The aim of this ASI was to identify the knowns and unknowns of intelligent systems that can support human decision-making in process environments. The focus was the functional rather than the analytical aspects of such systems. The emphasis on and the development of systems that perform cognitive tasks require a corresponding shift in the multiple disciplines that support effective man-machine systems. It requires contributions from decision theory, theoretical and applied; from philosophy and logic; from process control theory and information science; from cognitive psychol­ogy and the study of human performance and human error; and from artificial intelligence and computer science. This was achieved by describing (1) the foundation provided by decision theory, (2) the problems of decision making in process environments, (3) the cognitive aspects of decision making, and (4) the possibilities of artificial intelligence and advanced computer applications The ASI aimed to synthesise and integrate developments in all four areas.
As mentioned in the preface, this ASI Joined a series of other meetings that all had dealt with problems of man-machine systems. The five major previous meetings were:

  • 1976 - Monitoring Behaviour and Supervisory Performance (Berchtesgaden, West Germany)
  • 1977 - Theory and Measurement of Mental Load (Mati, Greece)
  • 1979 - Changes In Nature and Quality of Working Life (Thessaloniki, Greece)
  • 1981 - Human Detection and Diagnosis of System Failures (Roskilde, Denmark)
  • 1983 - Human Error (Bellagio, Italy)

The present ASI used the interdisciplinary cooperation and knowledge foundation established in the previous conferences to address the problems of cognitive man-machine systems. During the two weeks specialists from the above-mentioned fields worked together to advance the synthesis of knowledge needed for the development and evaluation of such joint cognitive systems, present the current unsolved problems, and point to possible solutions. The outcome is documented in this book.

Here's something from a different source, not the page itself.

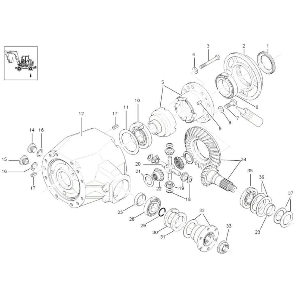 The Differential Rigid Axle (Rear) Assembly for the Wacker 6503 Excavator is designed to ensure optimal performance and durability. This assembly plays a crucial role in the excavator's drivetrain, providing stability and power distribution. Genuine Wacker Neuson parts ensure compatibility and reliability, with components such as gears, bearings, and seals available for maintenance and repair.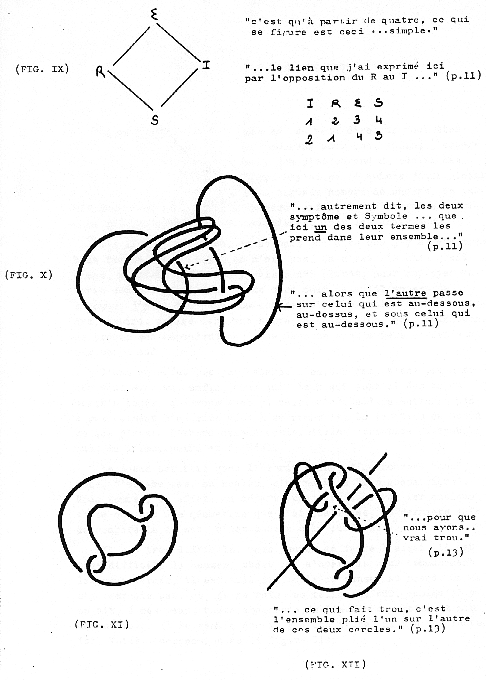 Si vous trouvez, quelque part, je l'ai déjà dessiné, ceci qui schématise le rapport de l'Imaginaire, du Symbolique et du Réel, en tant que séparé l'un de l'autre, vous avez déjà, dans mes précédentes figurations, mis à plat leur rapport, la possibilité de les lier par quoi ? par le sinthôme. Si j'avais ici une craie de couleur ( "De quelle couleur, vous la voulez ?" - "Rouge, si (p11->) vous le voulez bien. Vous êtes vraiment trop gentille. " ) Vous devez voir ceci : c'est que à rabattre ce grand S, c'est-à-dire ce qui s'affirme la consistance du Symbolique, à le rabattre d'une façon qui se trace ainsi, vous avez - cette figure, est correcte - je veux dire que glissant sous le Réel, c'est évidemment aussi sous l'Imaginaire qu'il doit ( ou va ? ) passer, vous vous trouvez dans la position suivante : c'est à savoir que vous aurez le rapport suivant, ici par exemple, l'Imaginaire, le Réel et le Symptôme que je fais figurer d'un sigma, et le symbolique, et que chacun d'entre eux est échangeable expressément, que un à deux peut s'invertir en deux à un, que trois à quatre peut s'invertire de quatre à trois d'une façon qui, j'espère, vous paraît simple. Mais nous trouvons, de ce fait, dans la situation suivante, c'est que ce qui est un à deux, voire deux à un, pour avoir dans son milieu, si l'on peut dire, le sigma et le S , doit faire, et c'est précisément ici que c'est figuré, doit faire que le symptôme et le Symbole se trouvent pris d'une façon telle, il faudrait que je vous montre par quelque figuration simple, d'une façon telle que il y en a, comme vous le voyez là-bas, qu'il y en a quatre qui sont, vous le voyez là, il y en a quatre qui sont tirés par le grand R, et ici, c'est d'une certaine façon que le I se combine, en passant au-dessus du Symbole, ici figuré, et au-dessous du symptôme. C'est toujours sous cette forme que se présente le lien, le lien que j'ai exprimé ici ( Fig. IX ) par l'opposition du R au I, autrement dit, les deux symptôme(s) et le Symbole se présentent de façon telle que, ici ( Fig. X ) ; un des deux termes les prend dans leur ensemble, alors que l'autre passe disons, sur celui qui est au-dessous, au-dessus et sous celui qui est au-dessous. C'est la figure que vous obtenez régulièrement dans une tentative de faire le noeud borroméen à quatre et c'est celle que j'ai mis ici, sur l'extrême droite. ( Fig. VIII )

Whereas most readers of this book probably will have a good understanding of what decision making and decision support systems are, it may be useful to describe briefly what is meant by process environments and how decision making In process environments differs from other types of decision making.
Process environments are first of all characterised by having short time constants. The decision maker must constantly pay attention to the process because the state of it changes dynamically; if he fails to do so he will lose control. If time was not that critical it would be possible to leave the process and look for information in other places, consult available experts and knowledge bases, etc. To use an example from medicine, if time is not critical one is dealing with a population phenome­non, for example the effects of smoking; if time is critical one is dealing with an individual phenome­non, for example toxification. If there is no time pressure one can always refer to data from the population and neglect the process without endangering it.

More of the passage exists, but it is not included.